[Stored entries]
****************************************

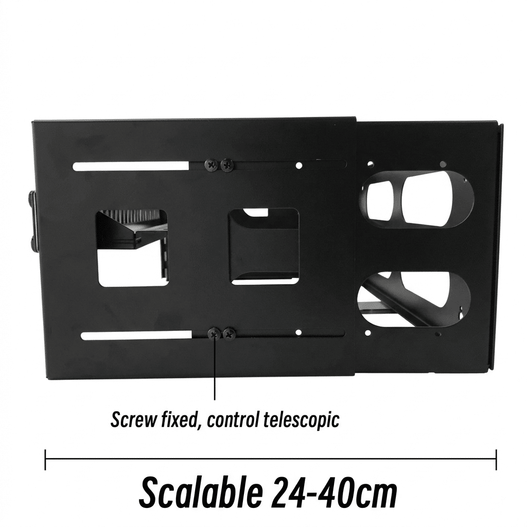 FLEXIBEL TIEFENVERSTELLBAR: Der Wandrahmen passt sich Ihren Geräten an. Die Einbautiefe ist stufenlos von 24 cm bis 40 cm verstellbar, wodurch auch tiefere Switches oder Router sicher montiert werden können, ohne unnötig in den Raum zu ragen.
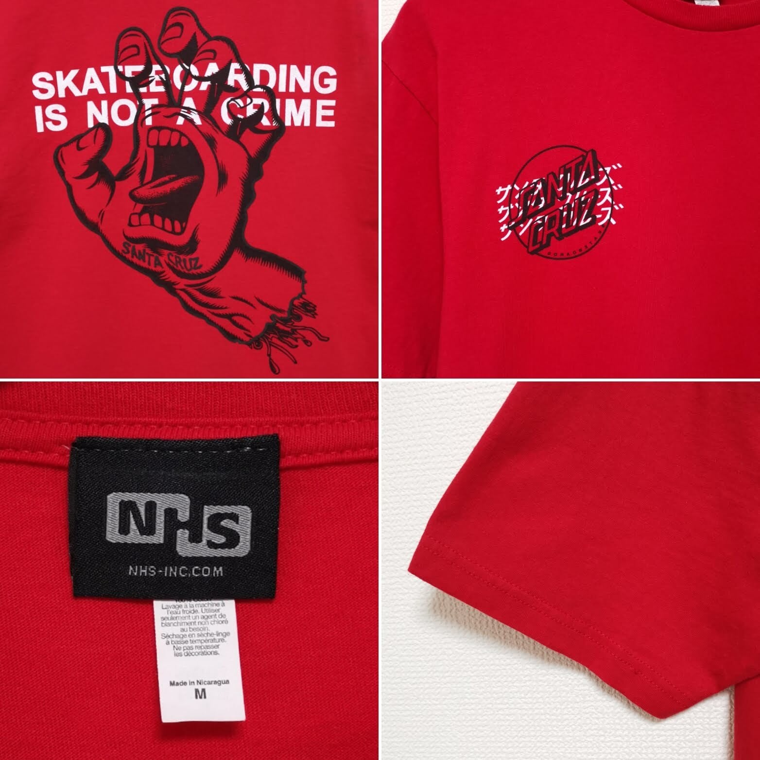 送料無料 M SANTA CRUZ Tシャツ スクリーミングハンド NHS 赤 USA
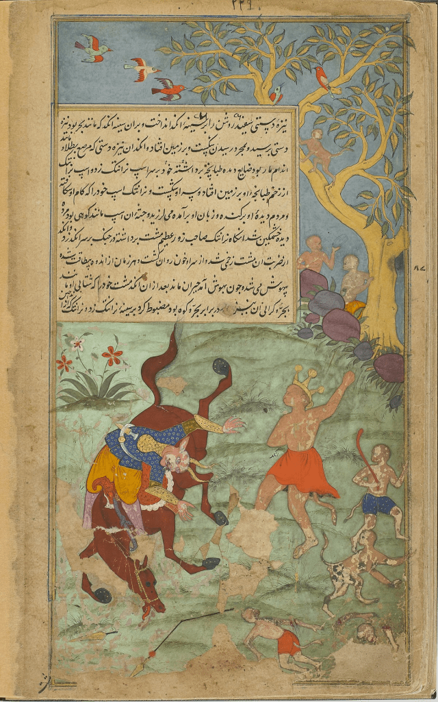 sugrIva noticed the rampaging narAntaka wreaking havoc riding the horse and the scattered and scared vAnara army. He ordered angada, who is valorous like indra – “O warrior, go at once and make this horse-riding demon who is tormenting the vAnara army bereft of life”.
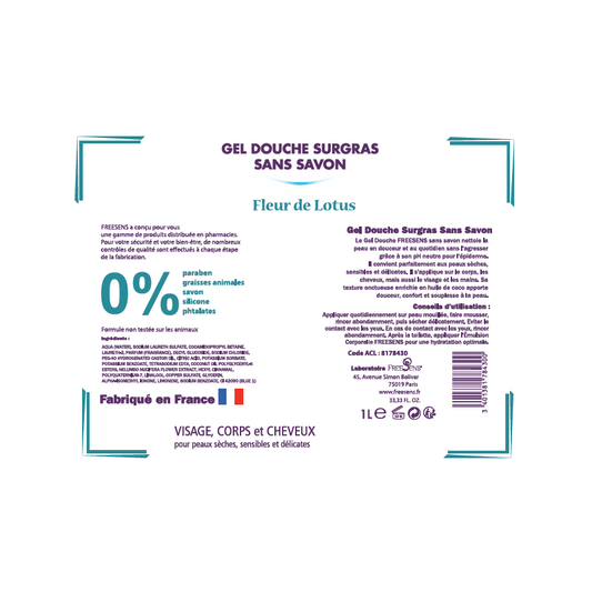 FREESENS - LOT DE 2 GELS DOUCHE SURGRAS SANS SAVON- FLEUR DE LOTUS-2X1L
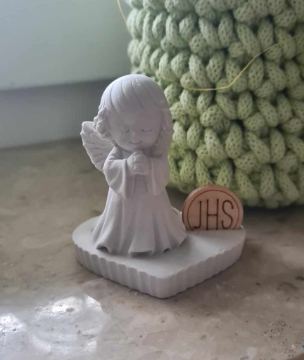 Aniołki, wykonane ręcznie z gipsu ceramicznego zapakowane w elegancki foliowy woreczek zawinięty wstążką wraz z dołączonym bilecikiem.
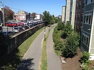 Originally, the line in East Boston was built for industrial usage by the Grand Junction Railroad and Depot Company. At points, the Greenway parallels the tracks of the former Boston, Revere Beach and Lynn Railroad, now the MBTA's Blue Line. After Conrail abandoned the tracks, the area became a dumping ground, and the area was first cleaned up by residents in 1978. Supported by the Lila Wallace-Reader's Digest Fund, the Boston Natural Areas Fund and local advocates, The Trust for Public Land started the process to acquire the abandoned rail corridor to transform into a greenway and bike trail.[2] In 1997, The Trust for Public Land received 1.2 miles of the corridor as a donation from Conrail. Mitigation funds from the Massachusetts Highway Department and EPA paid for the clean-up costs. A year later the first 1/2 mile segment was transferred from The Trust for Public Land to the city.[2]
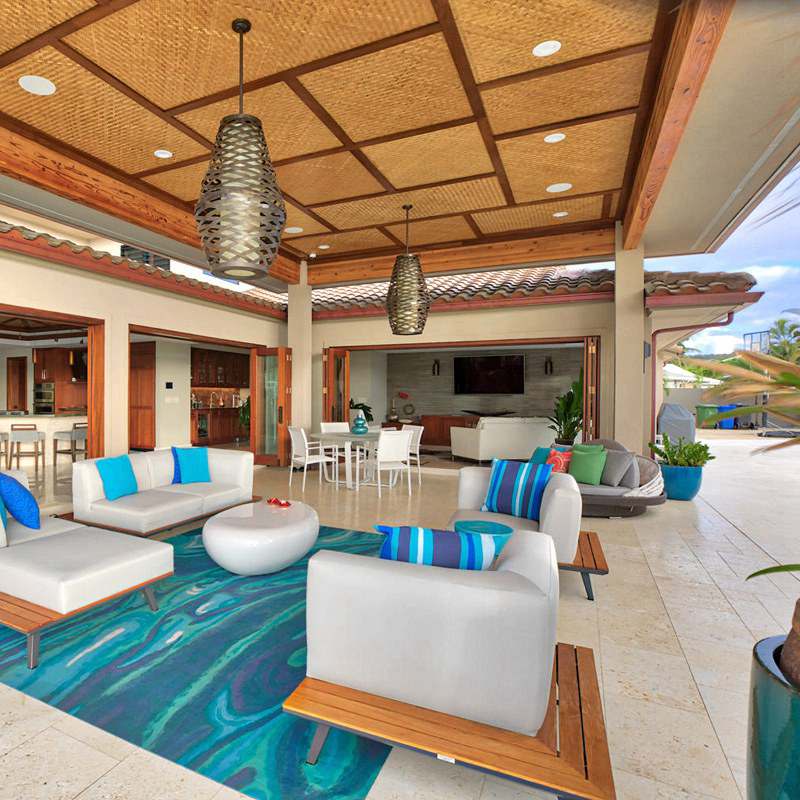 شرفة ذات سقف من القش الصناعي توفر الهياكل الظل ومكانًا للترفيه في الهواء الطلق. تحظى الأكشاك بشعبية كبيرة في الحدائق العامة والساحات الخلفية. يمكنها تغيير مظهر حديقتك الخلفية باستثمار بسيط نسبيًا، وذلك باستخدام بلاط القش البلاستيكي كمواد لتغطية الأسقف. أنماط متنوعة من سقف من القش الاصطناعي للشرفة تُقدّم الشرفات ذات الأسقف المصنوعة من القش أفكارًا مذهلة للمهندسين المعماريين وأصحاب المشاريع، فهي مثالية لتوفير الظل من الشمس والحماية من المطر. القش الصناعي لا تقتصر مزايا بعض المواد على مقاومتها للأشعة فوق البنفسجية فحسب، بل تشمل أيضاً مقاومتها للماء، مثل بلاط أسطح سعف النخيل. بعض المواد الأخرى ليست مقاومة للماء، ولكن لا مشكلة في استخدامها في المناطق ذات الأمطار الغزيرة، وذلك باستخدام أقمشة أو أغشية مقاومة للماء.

****************************************

Your assignment
None of the pictures should be copied, but every record above must be restated in full.

Answer space
 FLEXIBEL TIEFENVERSTELLBAR: Der Wandrahmen passt sich Ihren Geräten an. Die Einbautiefe ist stufenlos von 24 cm bis 40 cm verstellbar, wodurch auch tiefere Switches oder Router sicher montiert werden können, ohne unnötig in den Raum zu ragen.
 送料無料 M SANTA CRUZ Tシャツ スクリーミングハンド NHS 赤 USA
 sugrIva noticed the rampaging narAntaka wreaking havoc riding the horse and the scattered and scared vAnara army. He ordered angada, who is valorous like indra – “O warrior, go at once and make this horse-riding demon who is tormenting the vAnara army bereft of life”.
 FREESENS - LOT DE 2 GELS DOUCHE SURGRAS SANS SAVON- FLEUR DE LOTUS-2X1L
 Aniołki, wykonane ręcznie z gipsu ceramicznego zapakowane w elegancki foliowy woreczek zawinięty wstążką wraz z dołączonym bilecikiem.
 Originally, the line in East Boston was built for industrial usage by the Grand Junction Railroad and Depot Company. At points, the Greenway parallels the tracks of the former Boston, Revere Beach and Lynn Railroad, now the MBTA's Blue Line. After Conrail abandoned the tracks, the area became a dumping ground, and the area was first cleaned up by residents in 1978. Supported by the Lila Wallace-Reader's Digest Fund, the Boston Natural Areas Fund and local advocates, The Trust for Public Land started the process to acquire the abandoned rail corridor to transform into a greenway and bike trail.[2] In 1997, The Trust for Public Land received 1.2 miles of the corridor as a donation from Conrail. Mitigation funds from the Massachusetts Highway Department and EPA paid for the clean-up costs. A year later the first 1/2 mile segment was transferred from The Trust for Public Land to the city.[2]
 شرفة ذات سقف من القش الصناعي توفر الهياكل الظل ومكانًا للترفيه في الهواء الطلق. تحظى الأكشاك بشعبية كبيرة في الحدائق العامة والساحات الخلفية. يمكنها تغيير مظهر حديقتك الخلفية باستثمار بسيط نسبيًا، وذلك باستخدام بلاط القش البلاستيكي كمواد لتغطية الأسقف. أنماط متنوعة من سقف من القش الاصطناعي للشرفة تُقدّم الشرفات ذات الأسقف المصنوعة من القش أفكارًا مذهلة للمهندسين المعماريين وأصحاب المشاريع، فهي مثالية لتوفير الظل من الشمس والحماية من المطر. القش الصناعي لا تقتصر مزايا بعض المواد على مقاومتها للأشعة فوق البنفسجية فحسب، بل تشمل أيضاً مقاومتها للماء، مثل بلاط أسطح سعف النخيل. بعض المواد الأخرى ليست مقاومة للماء، ولكن لا مشكلة في استخدامها في المناطق ذات الأمطار الغزيرة، وذلك باستخدام أقمشة أو أغشية مقاومة للماء.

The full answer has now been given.